Severity: mild: 2-3 symptoms; moderate: 4-5 symptoms; severe: 6 or more symptoms.
* Patients who are prescribed opioid medications for analgesia may exhibit these two criteria (tolerance and withdrawal), but would not necessarily be considered to have an opioid use disorder.
American Psychiatric Association. Diagnostic and statistical manual of mental disorders, fifth ed. 2013.
“Tolerance” and “withdrawal” were excluded in response to criticism that these physiological characteristics may simply be the natural consequences of extended opioid use, and do not necessarily indicate a pathological process in patients with pain.456 Nevertheless, many of the other criteria remain largely physiological, including the first two: “opioids being taken in larger amounts or over a longer period of time than intended” and “a persistent desire or unsuccessful efforts to cut down or control opioid use.”
Like withdrawal and tolerance, these characteristics may be a product of mismanaged pain or physiological dependence, rather than OUD.456 For example, persistent pain may cause a patient to take their prescribed opioid for longer than originally planned, or at higher doses. The same applies to criteria 4—“craving or a strong desire to use opioids”—which had no significant relationship with opioid misuse in a recent study of patients on long term treatment.7 As a result, the DSM-5 criteria are of questionable validity for patients prescribed opioids for pain. This may be particularly true in primary care, in which clinicians often receive inadequate training in both pain and substance use disorders.8
The second matter surrounding the diagnosis of OUD in pain patients is inconsistent use and poor standardisation of alternative measures. The shortcomings of DSM-5 have led many clinicians and researchers to define misuse, in the context of chronic pain, as the presence of aberrant, drug related behaviours910 such as failed pill counts, repeated reports of lost drugs, failed urine drug tests, and attempts to get opioids from multiple clinicians.
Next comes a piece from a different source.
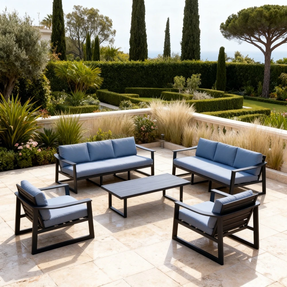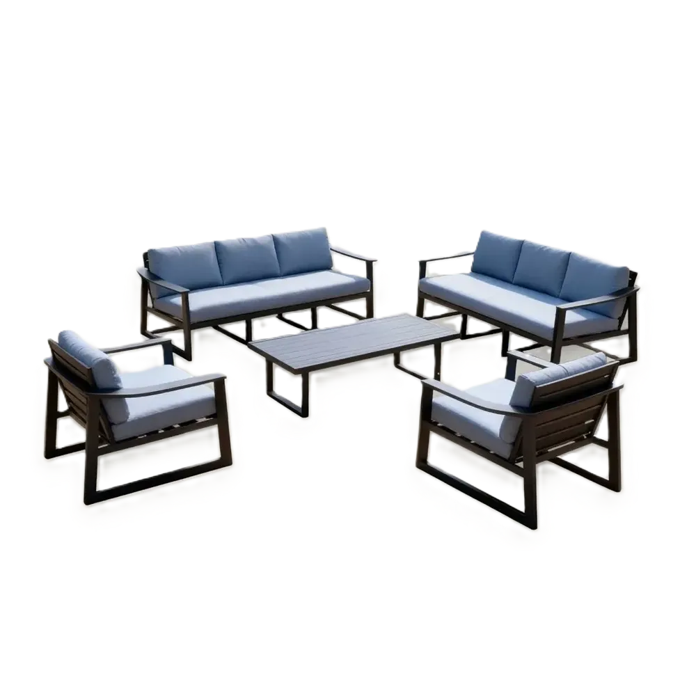 Grey outdoor sofa set with aluminium frame, two three-seaters, two chairs and a table.

Although many studies have used aberrant behaviours as a proxy for OUD,11 these measures are not standardised. Highly heterogeneous behaviours have been classified as aberrant, including use of cannabis.1012 This poor standardisation reduces the validity of aberrant behaviour measures as diagnostic criteria for OUD in patients with chronic pain. Use of cannabis is particularly problematic, given the increasing evidence that cannabis may have additive analgesic effects when combined with opioids.13
Many other factors hinder accurate and timely recognition of OUD among patients with pain, including a reluctance to diagnose overuse of prescription opioids because of stigma, suboptimal training, or fear of being at fault. It is also true that, although imperfect, DSM-5 criteria can be useful and some ambiguity will remain regardless of the diagnostic measure used.
Given the high prevalence of both pain and OUD, we must develop more robust, accurate, and reproducible metrics for identifying opioid addiction specifically in people with chronic pain. The DSM-5 has yet to be validated in this patient group, and the line between pathology and physiological dependence is not well enough defined to allow the confident application of DSM-5 criteria in this context. The definition of “aberrant, drug related behaviour” as an alternative option remains highly variable despite frequent use by both researchers and clinicians.
Future research should prioritise the development of a gold standard set of criteria for diagnosing OUD that maintains the credibility and standardisation of DSM-5 criteria and adds measures specific to patients taking opioids for chronic pain—possibly including properly standardised measures of aberrant, drug related behaviour. Given the strong evidence linking prescription opioids to the current opioid epidemic in North America and elsewhere, fully validated measures of opioid use disorder in pain care are urgently needed.
Competing interests: We have read and understood the BMJ policy on declaration of interests and declare the following: none.